Stored items from a collection:
============================================================
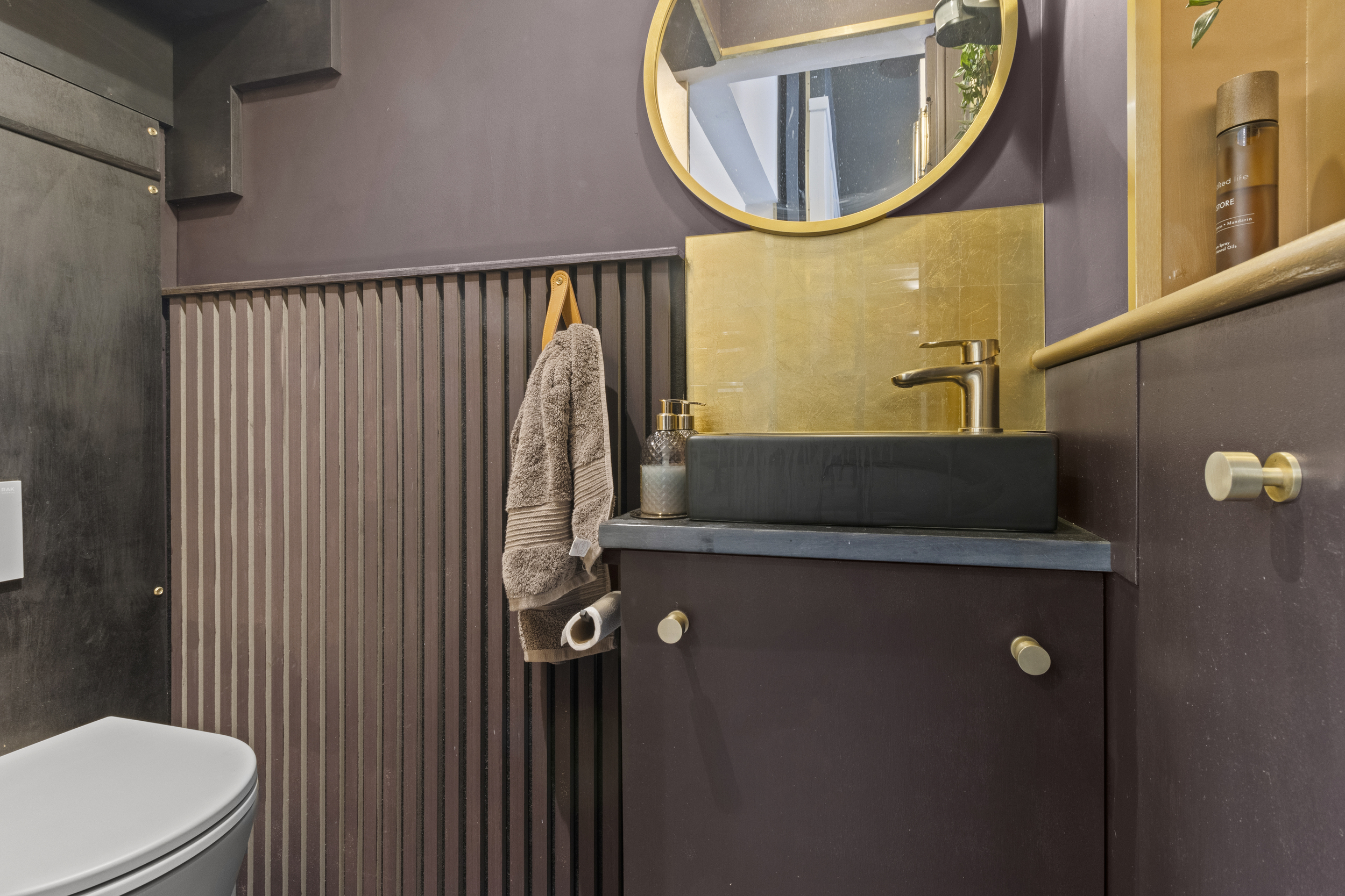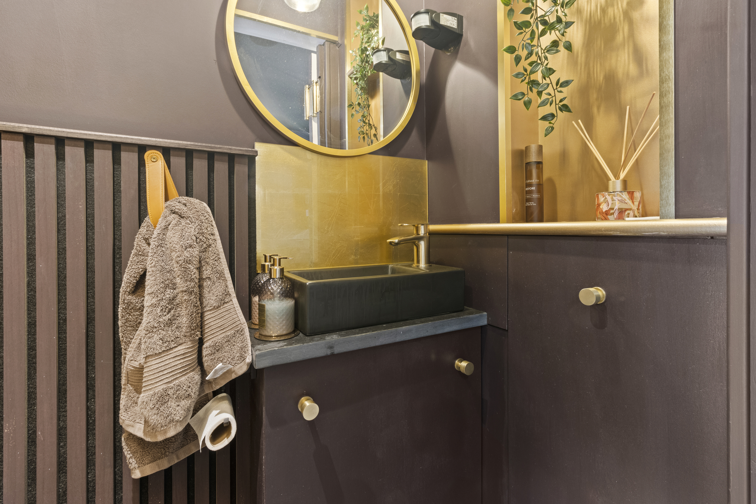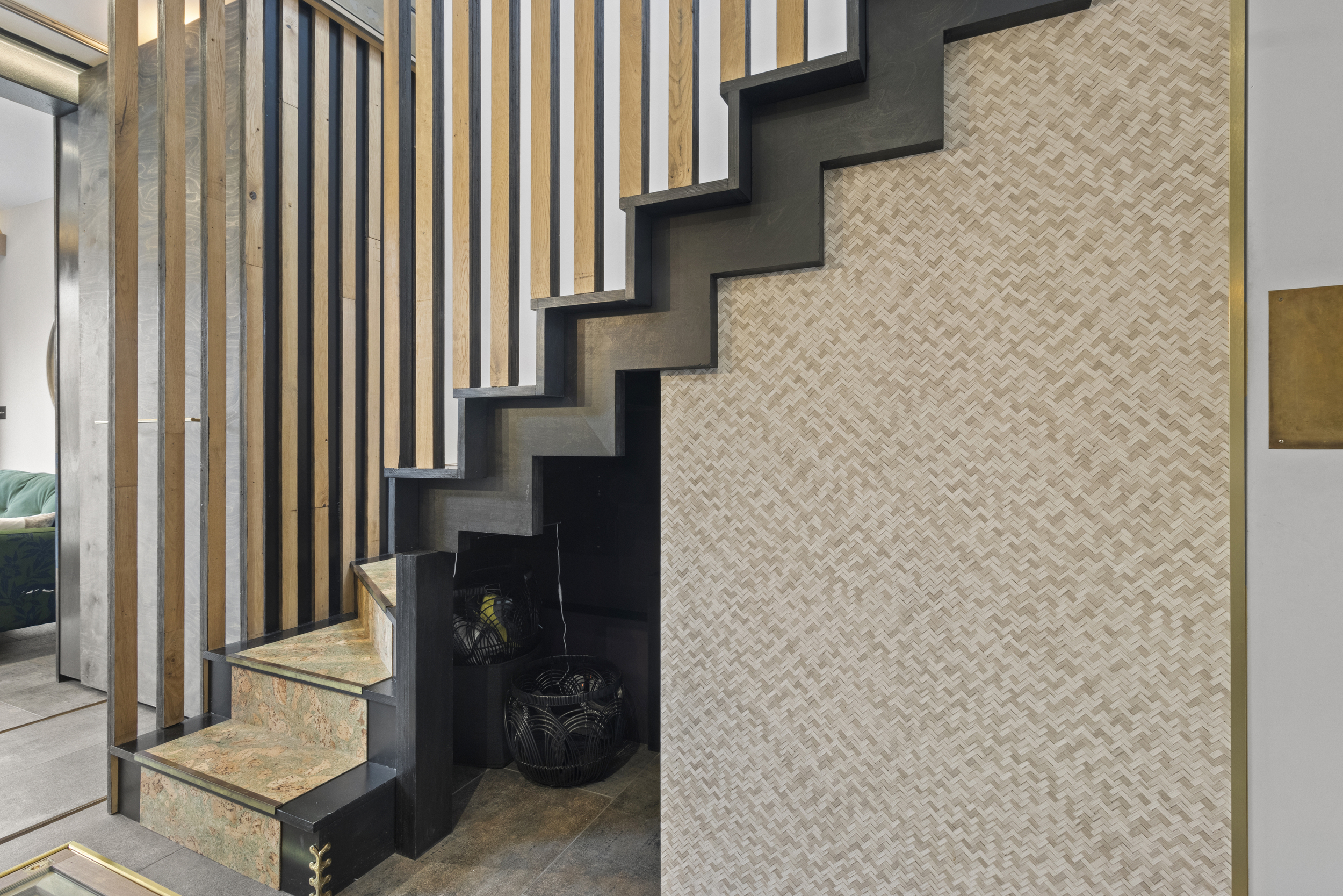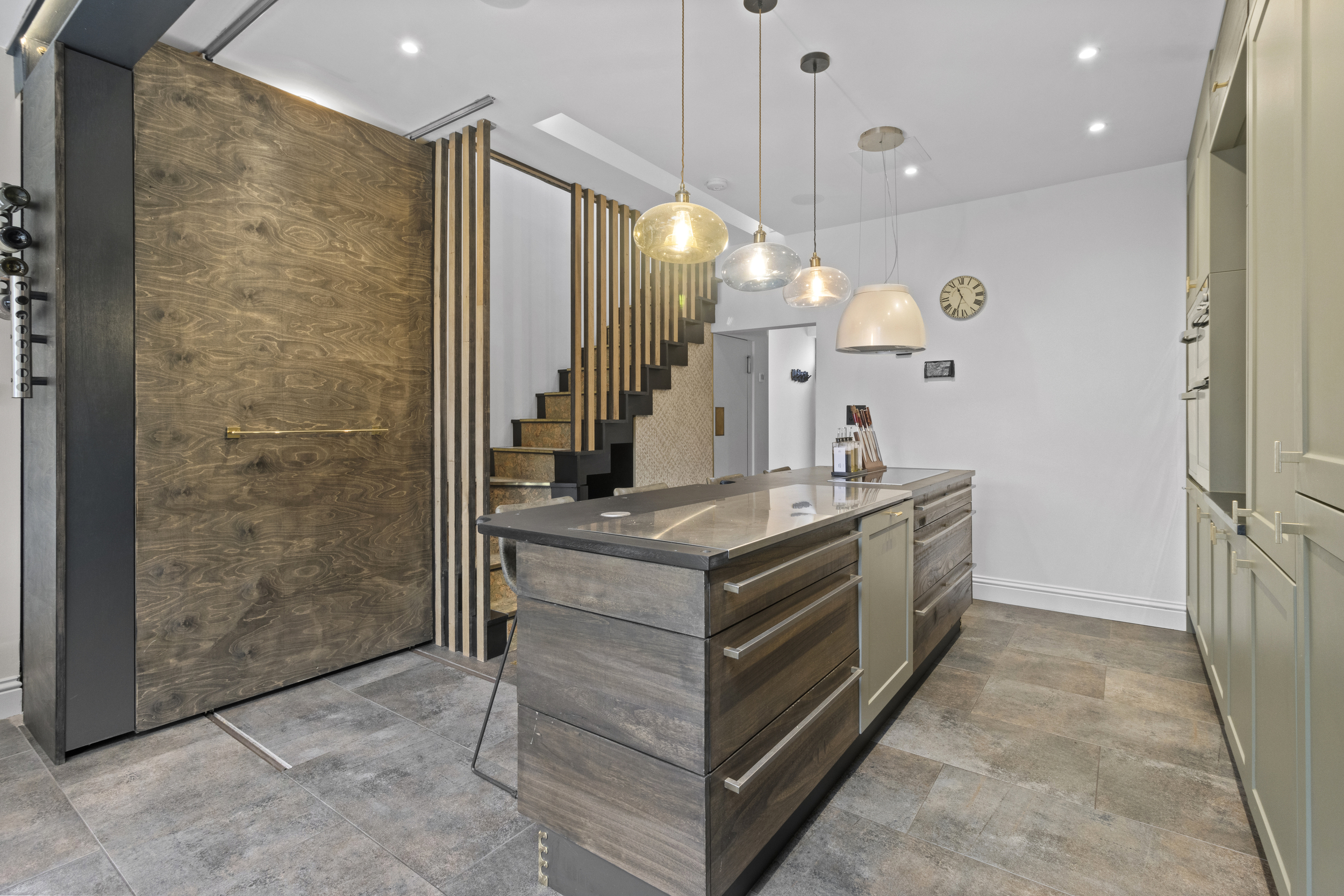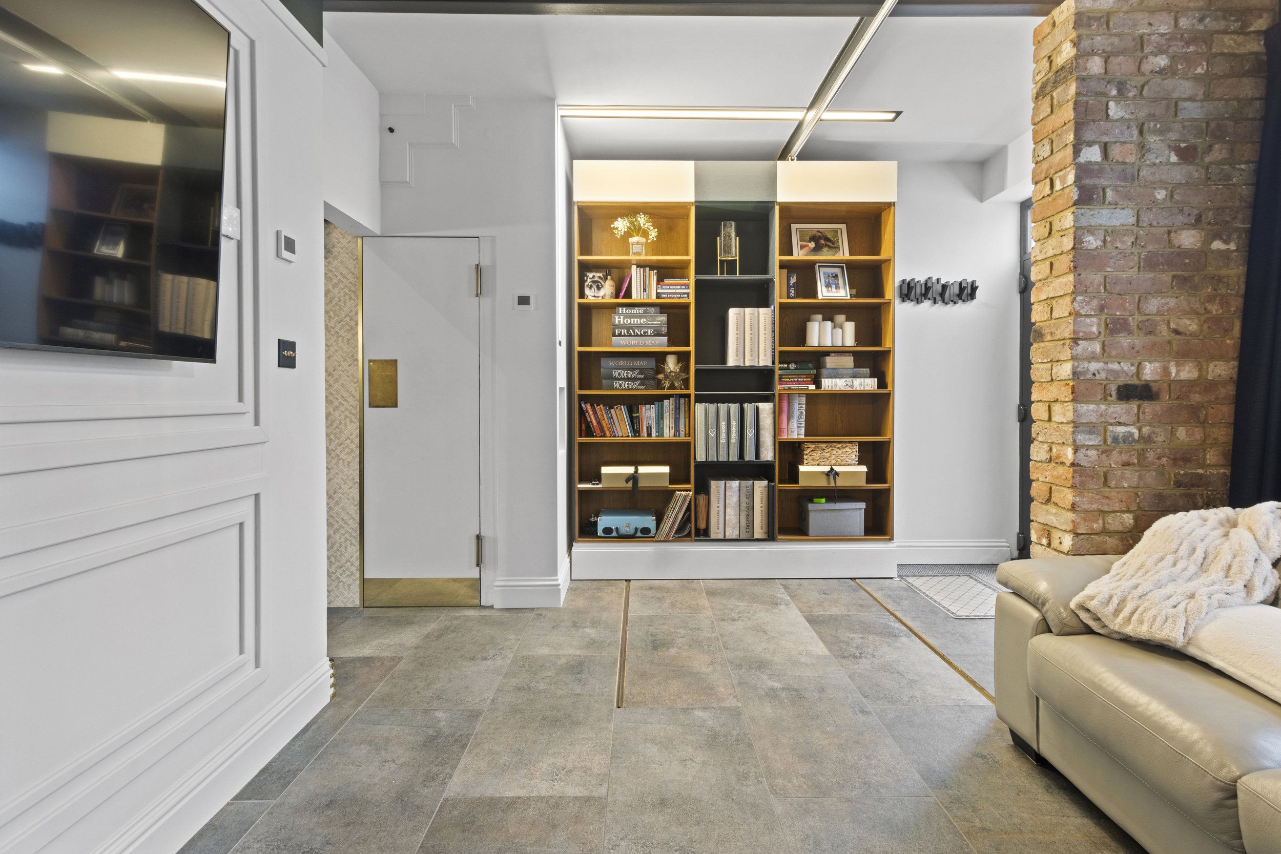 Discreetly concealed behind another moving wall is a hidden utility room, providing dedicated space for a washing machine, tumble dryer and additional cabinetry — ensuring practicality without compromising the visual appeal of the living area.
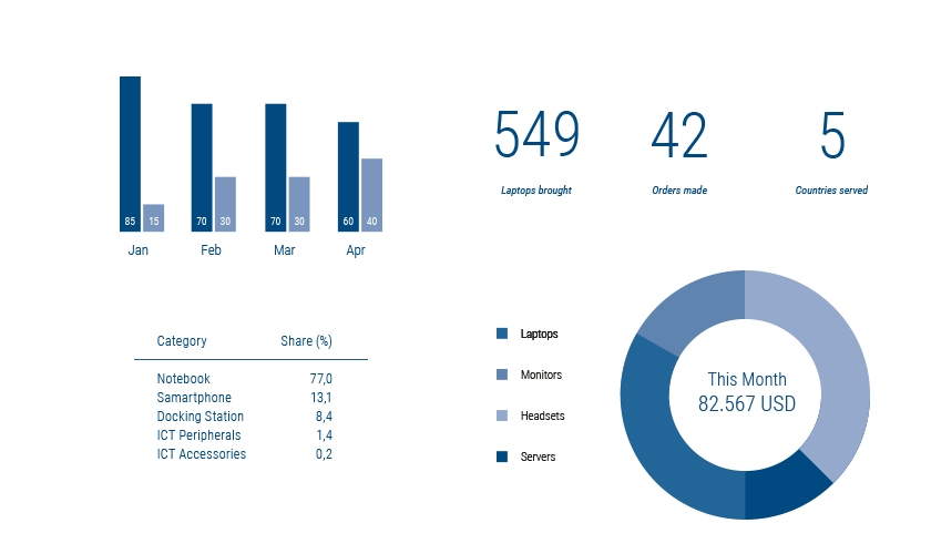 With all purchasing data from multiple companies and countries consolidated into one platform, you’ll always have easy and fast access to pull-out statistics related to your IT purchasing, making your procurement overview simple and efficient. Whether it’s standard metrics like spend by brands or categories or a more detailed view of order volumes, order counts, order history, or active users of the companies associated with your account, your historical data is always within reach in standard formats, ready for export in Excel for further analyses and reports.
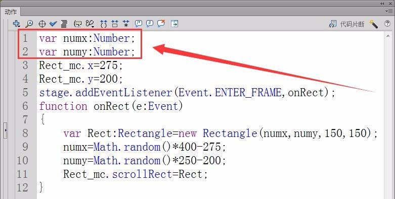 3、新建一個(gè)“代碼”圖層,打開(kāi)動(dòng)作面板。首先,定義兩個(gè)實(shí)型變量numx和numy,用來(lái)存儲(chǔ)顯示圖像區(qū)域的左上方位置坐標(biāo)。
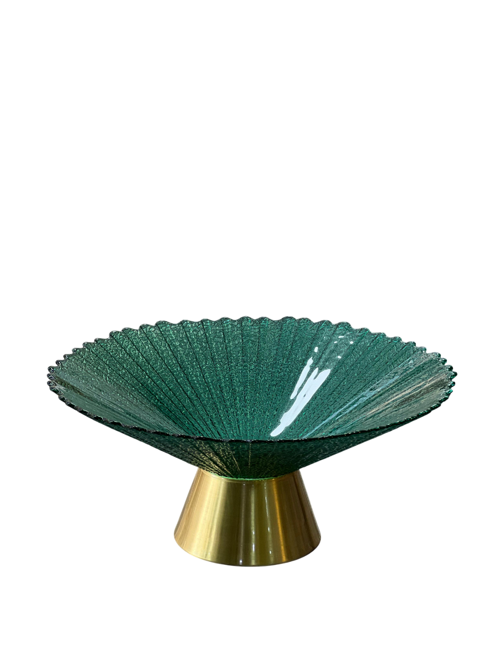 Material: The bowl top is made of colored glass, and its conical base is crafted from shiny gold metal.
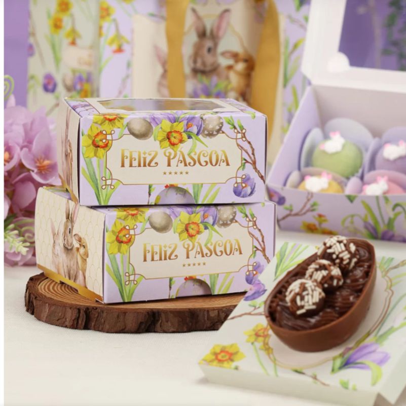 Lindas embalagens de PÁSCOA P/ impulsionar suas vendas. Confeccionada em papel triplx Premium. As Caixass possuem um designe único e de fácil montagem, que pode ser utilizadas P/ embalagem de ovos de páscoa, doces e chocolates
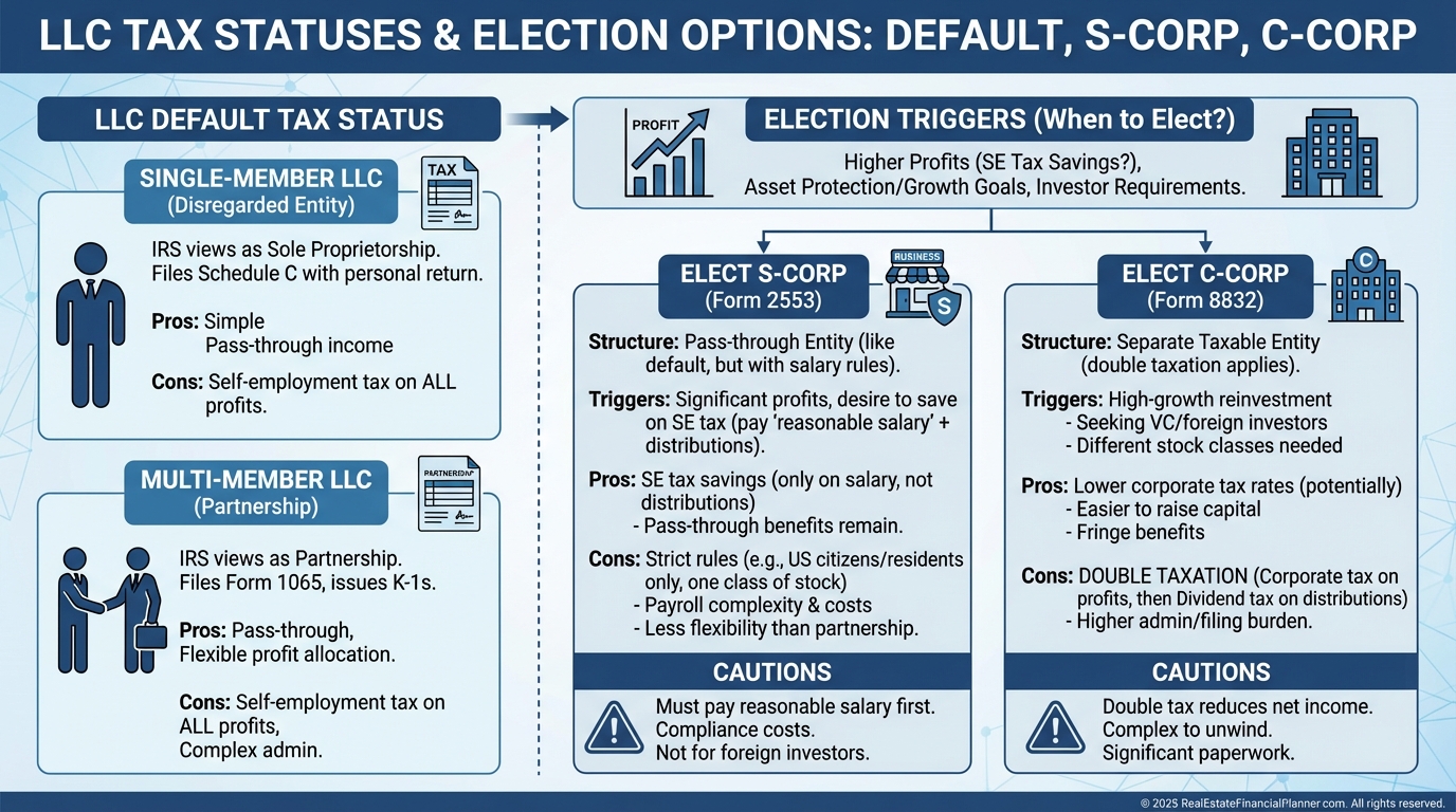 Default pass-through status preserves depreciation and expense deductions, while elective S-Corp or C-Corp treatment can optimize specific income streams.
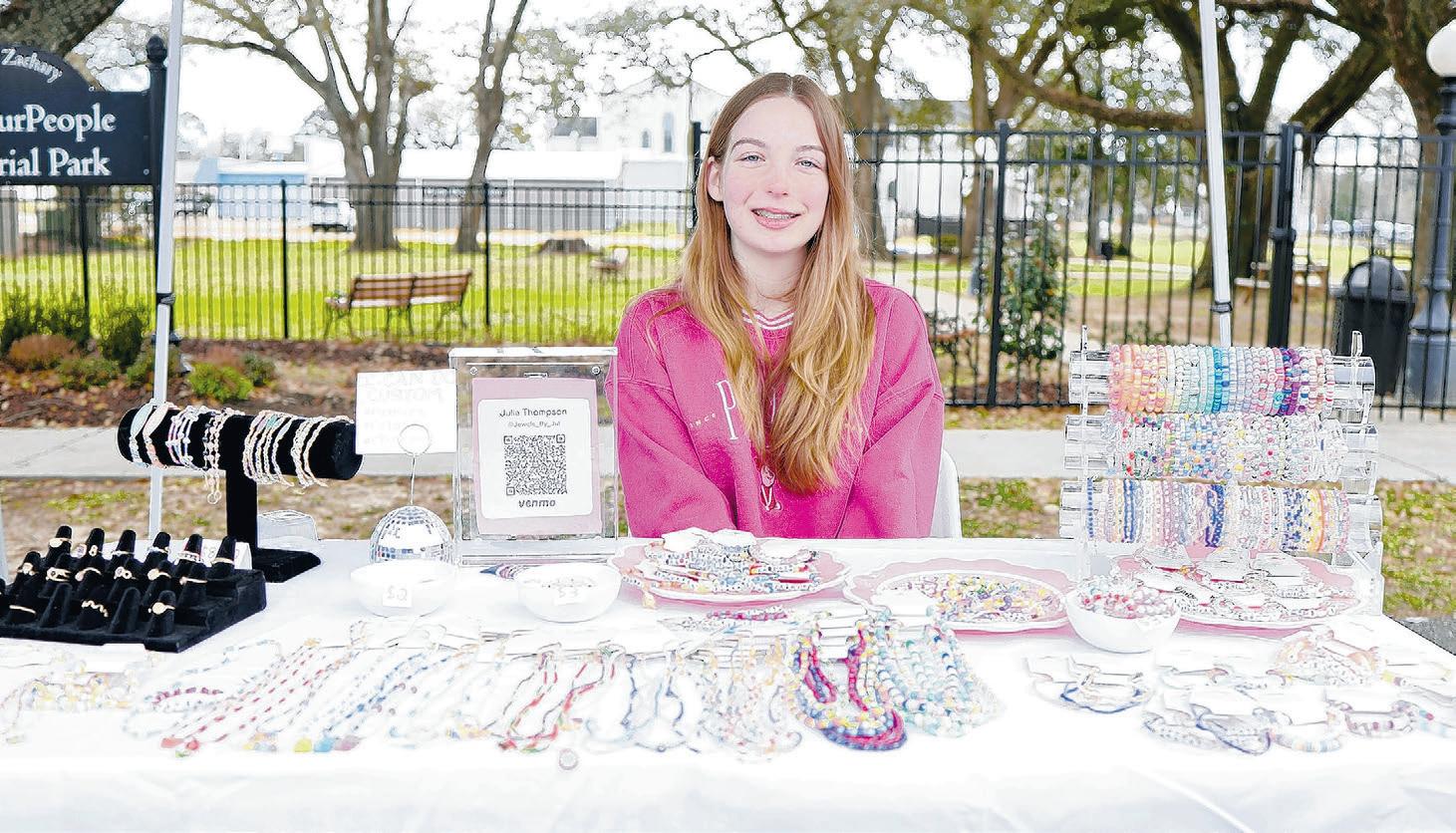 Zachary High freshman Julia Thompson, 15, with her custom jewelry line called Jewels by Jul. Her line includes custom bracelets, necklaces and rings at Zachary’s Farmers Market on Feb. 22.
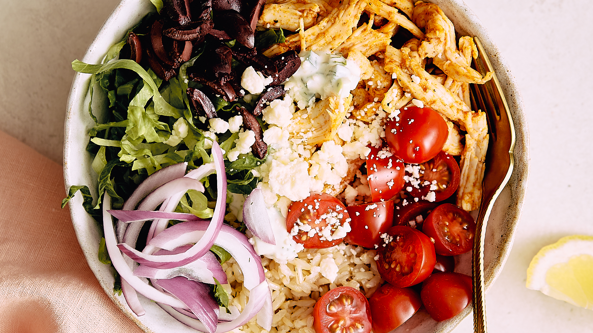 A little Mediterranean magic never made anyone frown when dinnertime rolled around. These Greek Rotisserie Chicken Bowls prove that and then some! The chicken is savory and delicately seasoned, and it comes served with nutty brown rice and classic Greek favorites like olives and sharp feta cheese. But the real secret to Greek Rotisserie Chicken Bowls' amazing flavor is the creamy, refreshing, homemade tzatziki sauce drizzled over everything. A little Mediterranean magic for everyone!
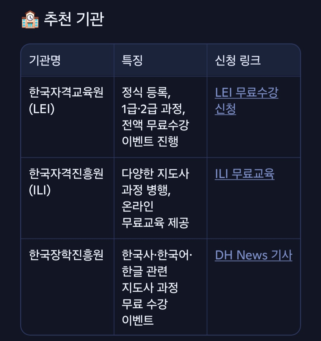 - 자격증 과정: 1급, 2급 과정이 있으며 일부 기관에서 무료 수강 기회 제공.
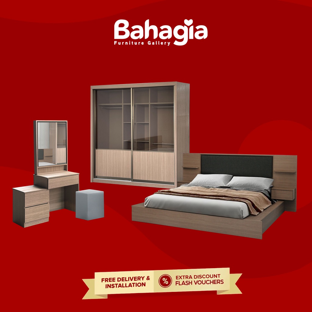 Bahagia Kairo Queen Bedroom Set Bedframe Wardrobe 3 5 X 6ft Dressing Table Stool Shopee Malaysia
============================================================
DIRECTIONS FOR THIS TASK:
Print out every entry above without changing a word, and leave out the pictures.

SOLUTION BELOW:
 Discreetly concealed behind another moving wall is a hidden utility room, providing dedicated space for a washing machine, tumble dryer and additional cabinetry — ensuring practicality without compromising the visual appeal of the living area.
 With all purchasing data from multiple companies and countries consolidated into one platform, you’ll always have easy and fast access to pull-out statistics related to your IT purchasing, making your procurement overview simple and efficient. Whether it’s standard metrics like spend by brands or categories or a more detailed view of order volumes, order counts, order history, or active users of the companies associated with your account, your historical data is always within reach in standard formats, ready for export in Excel for further analyses and reports.
 3、新建一個(gè)“代碼”圖層,打開(kāi)動(dòng)作面板。首先,定義兩個(gè)實(shí)型變量numx和numy,用來(lái)存儲(chǔ)顯示圖像區(qū)域的左上方位置坐標(biāo)。
 Material: The bowl top is made of colored glass, and its conical base is crafted from shiny gold metal.
 Lindas embalagens de PÁSCOA P/ impulsionar suas vendas. Confeccionada em papel triplx Premium. As Caixass possuem um designe único e de fácil montagem, que pode ser utilizadas P/ embalagem de ovos de páscoa, doces e chocolates
 Default pass-through status preserves depreciation and expense deductions, while elective S-Corp or C-Corp treatment can optimize specific income streams.
 Zachary High freshman Julia Thompson, 15, with her custom jewelry line called Jewels by Jul. Her line includes custom bracelets, necklaces and rings at Zachary’s Farmers Market on Feb. 22.
 A little Mediterranean magic never made anyone frown when dinnertime rolled around. These Greek Rotisserie Chicken Bowls prove that and then some! The chicken is savory and delicately seasoned, and it comes served with nutty brown rice and classic Greek favorites like olives and sharp feta cheese. But the real secret to Greek Rotisserie Chicken Bowls' amazing flavor is the creamy, refreshing, homemade tzatziki sauce drizzled over everything. A little Mediterranean magic for everyone!
 - 자격증 과정: 1급, 2급 과정이 있으며 일부 기관에서 무료 수강 기회 제공.
 Bahagia Kairo Queen Bedroom Set Bedframe Wardrobe 3 5 X 6ft Dressing Table Stool Shopee Malaysia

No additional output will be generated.